The base was home to the P-3C Orion maritime patrol aircraft and was one of several naval installations targeted during the attacks on Pearl Harbor.

The monument's disappearance angered many residents. (Photo courtesy of John Bond)

When the base ceased operation in 1999 as part of BRAC closures, the Navy erected a public memorial to honor the WWII, Korea, Vietnam, Cold War and Gulf War veterans who served at the air station.

The memorial was located across the street from the former base headquarters and was made of stylized Hawaiian lava rock which read in raised silver letters, “Naval Air Station Barbers Point 1942-1999.” Enclosed within the rock wall was a silver-coated, 1/15-scale model of the P-3C Orion.

John Bond, a Kapolei community historian and military history buff, said residents were completely caught off guard when a forklift came and removed the P-3C model and silver lettering from the memorial on a Saturday morning early last month.
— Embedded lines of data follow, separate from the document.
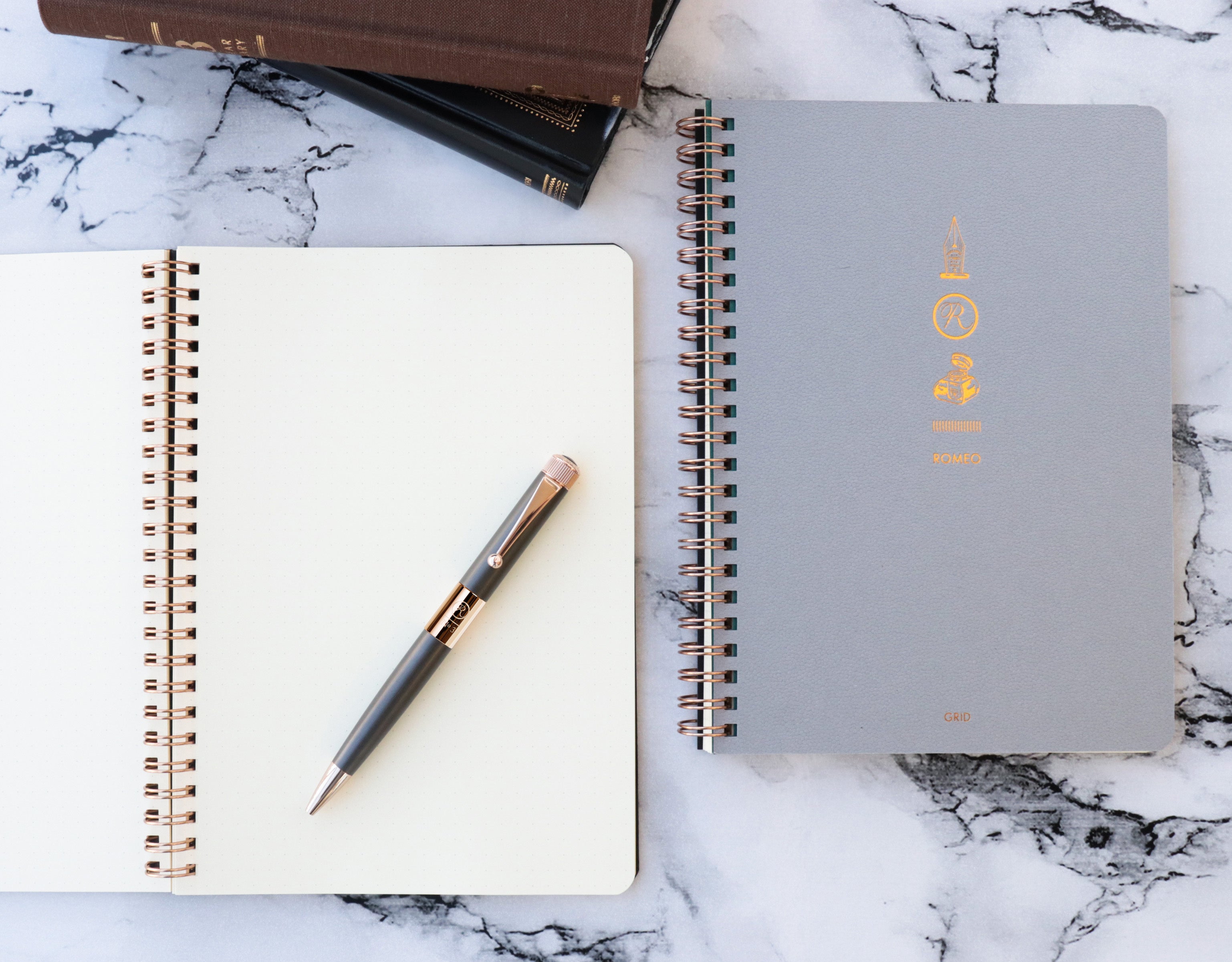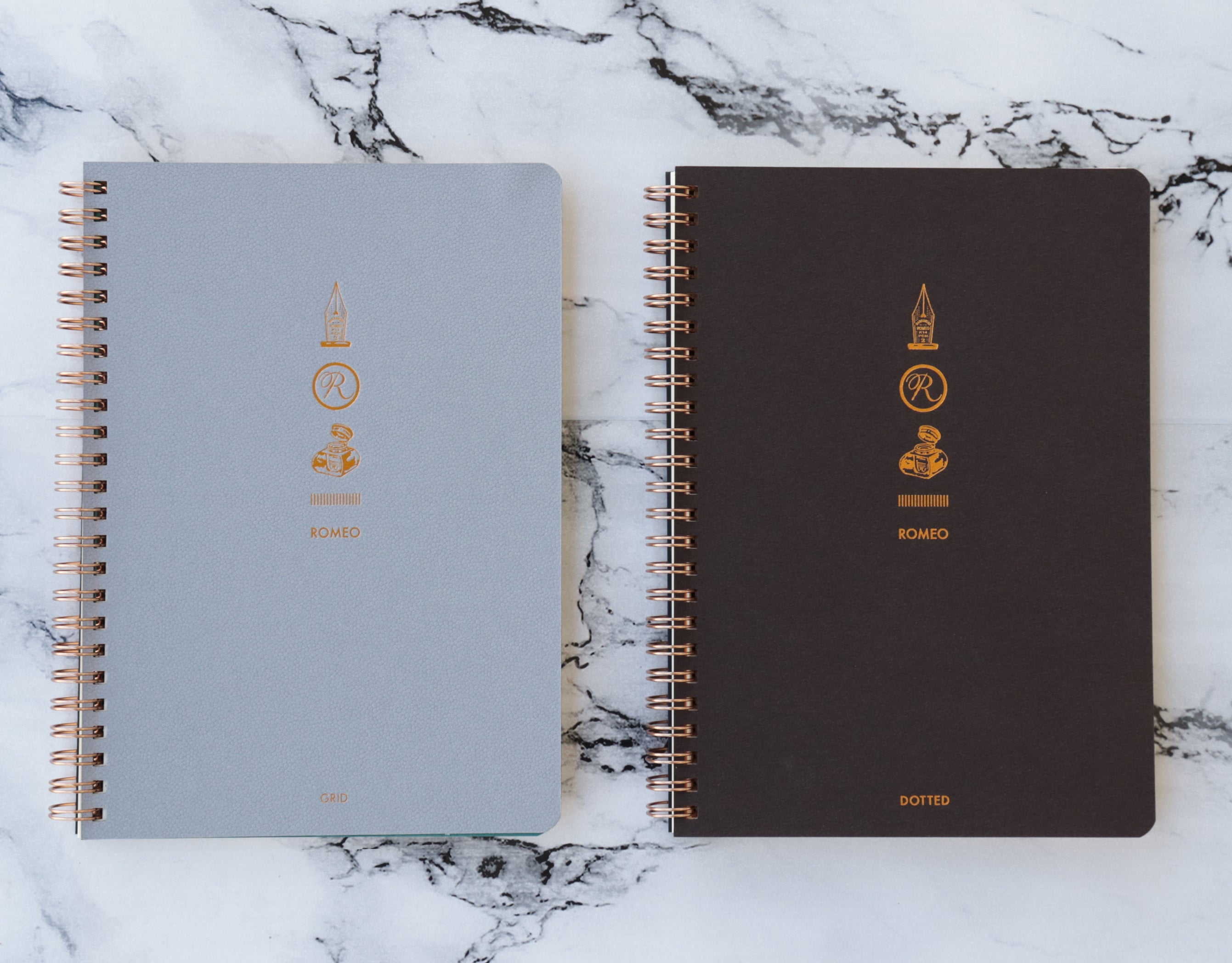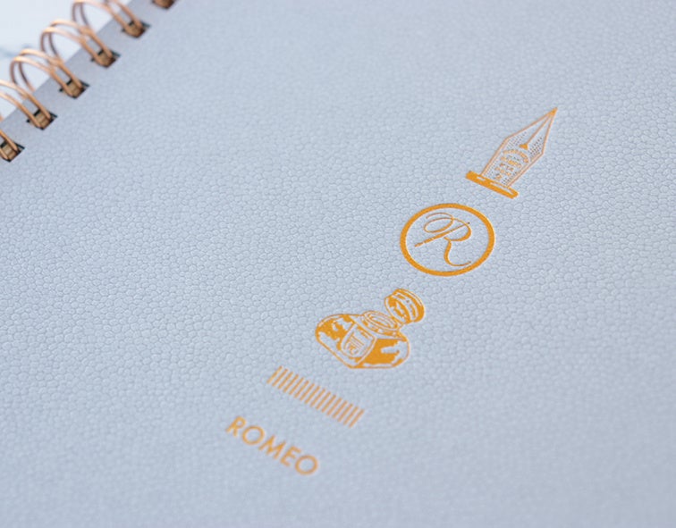 実⽤性と機能美を兼ね備えたROMEO No.3ボールペンの書き⼼地をさらに引き⽴たせるのは、本⾰をイメージした⾼級感のある表紙にカッパーカラーのリングと精緻な箔プリントが上品な輝きを放つ「ROMEO Wリングノート」。筆記⽤に開発された⽤紙のなめらかさには、紙によってこんなにも書き⼼地が変わるのかと驚かされることでしょう。上品な雰囲気のグレーとブラウンの表紙は、伊東屋限定カラー。ビジネスアイテムとしても使いやすいA5サイズで、グレーの表紙は図形や表を書きやすい⽅眼罫、ブラウンの表紙は様々なレイアウトで使⽤できる⾃由度の⾼いドット罫を採⽤しています。
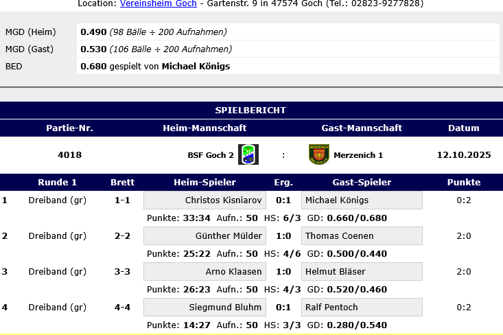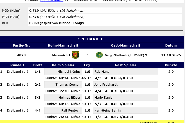 Am 11.10.2025 trat die Oberligamannschaft des BSC Merzenich 1 im Dreiband gegen Berg. Gladbach im Billardverband Niederrhein zu Hause an.…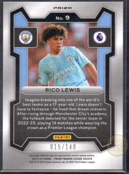 Manchester City defender Rico Lewis base card from 2024-25 Panini Prizm collection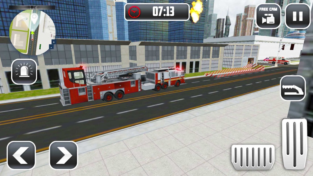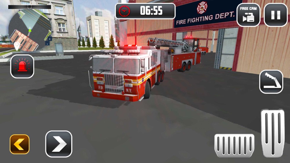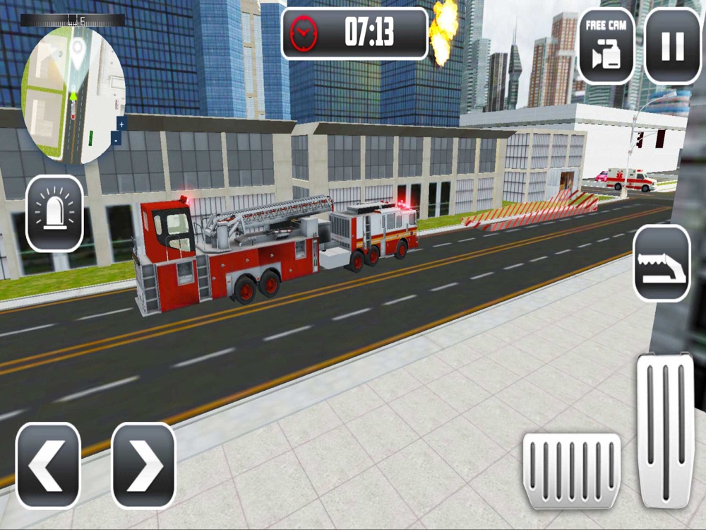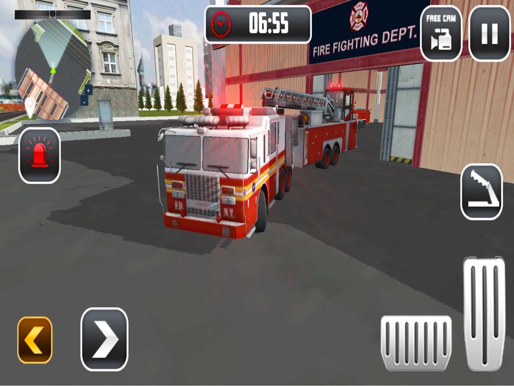 Bombeiro resgata pessoas de situações perigosas, como acidentes de veículos, colapsos estruturais e incêndio. Ligue a sirene 'WEE-OO' e conduza o caminhão de bombeiros para alcançar o destino de emergência de incêndio no mínimo tempo possível! Torne-se um motorista de resgate e trabalhe na estação de bombeiros para salvar cidadãos inocentes. O caminhão de bombeiros moderno está equipado com equipamento de resgate de estado da arte, extintor e uma escada muito grande para alcançar o shopping ou o edifício de vários andares. A escada no caminhão é levantada e abaixada usando uma haste de pistão hidráulica operada a partir do motor de bombeiros.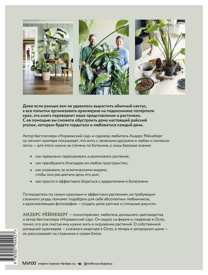 Уход за растениями приносит нам пользу самыми разными способами. Он радует душу, особенно сейчас, когда все мы страдаем от стресса и слишком погружены в виртуальную среду. Когда мы помогаем нашим растениям расти и процветать, они, в свою очередь, дарят нам не только счастье, но и ощущение, что мы чего-то достигли. В своей новой книге Андерс Рёйнеберг собрал все, что вам нужно знать о том, как сохранить домашние растения счастливыми и здоровыми. После публикации «Норвежского сада» Андерс переехал из городской квартиры в загородный дом, который уже превратил в цветущий оазис. В этой книге вы найдете множество новых советов как по уходу за растениями, так и по обустройству пространства с их помощью. Книга наполнена вдохновением и полезными советами, предназначенными как для новичков, так и для тех, кто уже разбирается в мире растений.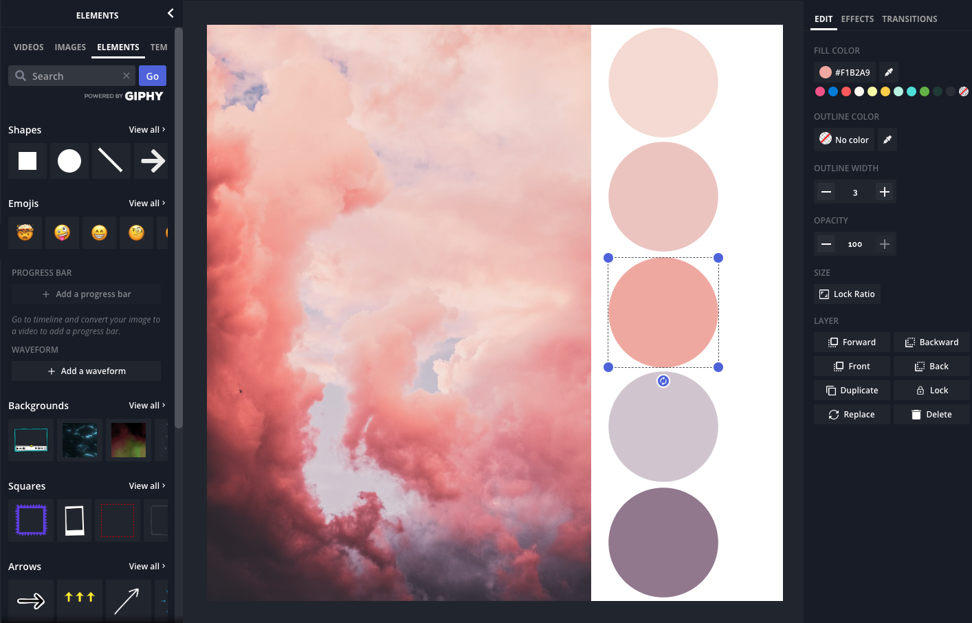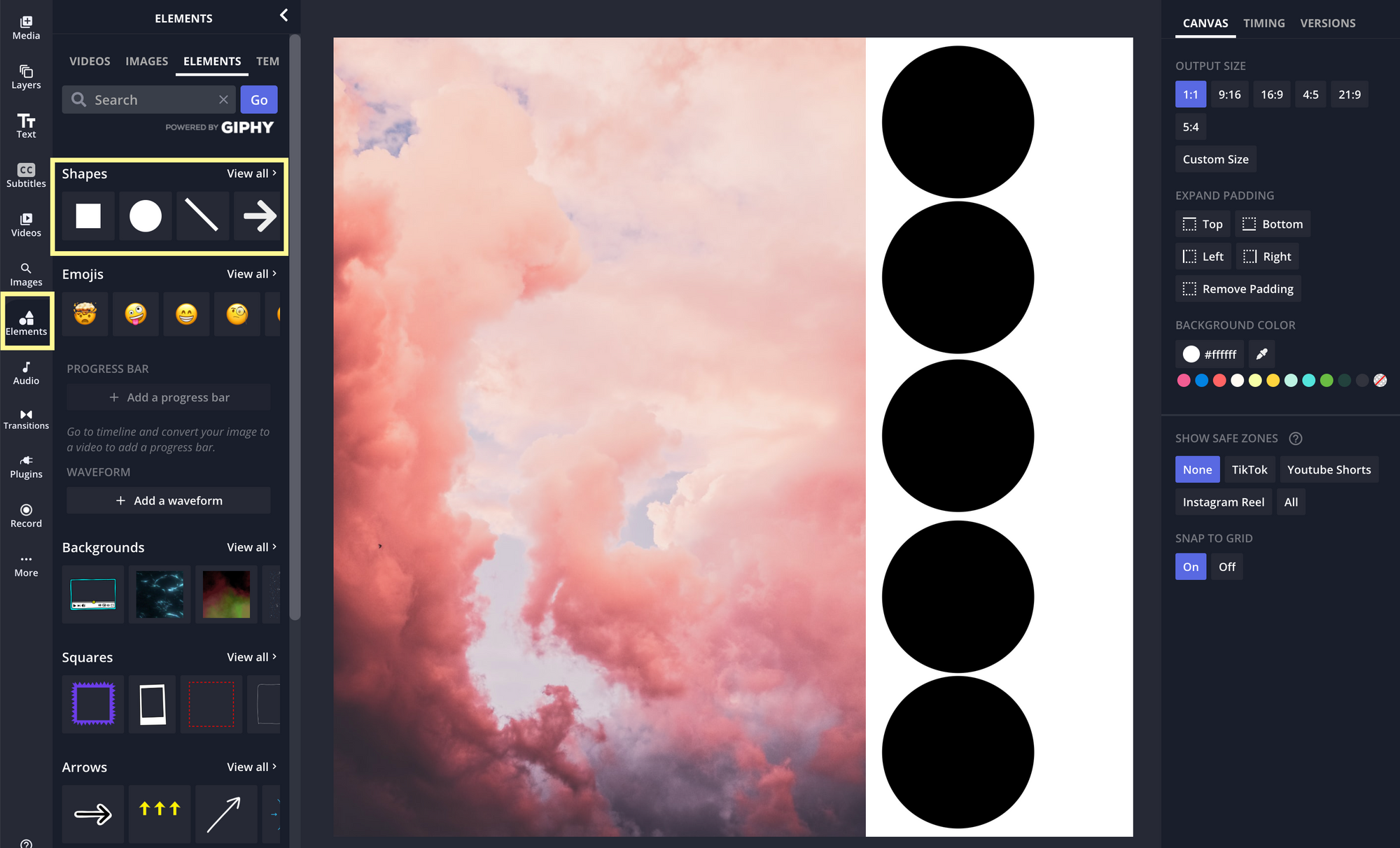 Open the "Elements" tab and add some shapes to the canvas. Don't worry about arranging them in any aesthetic way. We'll do that later.

“Everybody who saw it was shocked,” he said. “We thought it was a permanent monument to the naval air station. It’s a public area right where everybody goes by; the last thing in the world we would have thought is this would be taken down.”

A spokesperson for Navy Region Hawaii confirmed it approved the memorial’s removal.

In a statement, Jim Neuman, the History and Heritage Outreach Manager at Navy Region Hawaii, said the memorial was “vandalized, soiled and almost stolen a number of times over the years since base closure.”

Neuman said the memorial had been transferred to Marine Corps Base Hawaii, where it will remain under the safekeeping of the Naval Support Detachment and Commander, Patrol and Reconnaissance Forces of the U.S. Pacific Fleet.

Bond said he passed the memorial on a weekly basis, but never saw any evidence of vandalism. He believes the memorial’s removal has to do with planned redevelopment of the land, which was recently transferred from the Navy to private developer, Hunt.

Navy Region Hawaii never consulted the community on the memorial’s planned removal, Bond said, adding that the Navy said it didn’t have to do any consulting because the memorial did not meet the 50-year mark required to qualify as “historic property.”

Historic or not, Bond said the memorial held a special place in the community which the Navy’s actions failed to honor.

“I’ve gotten many, many emails from people upset about it, saying they would pay to have it restored or they would pay to get a lawyer to sue the Navy, all kinds of reactions like that,” he said. “Of the Navy veterans who specifically were involved in the P-3 era, they’re especially upset about it. Like all of us, we just had no idea this would ever happen.”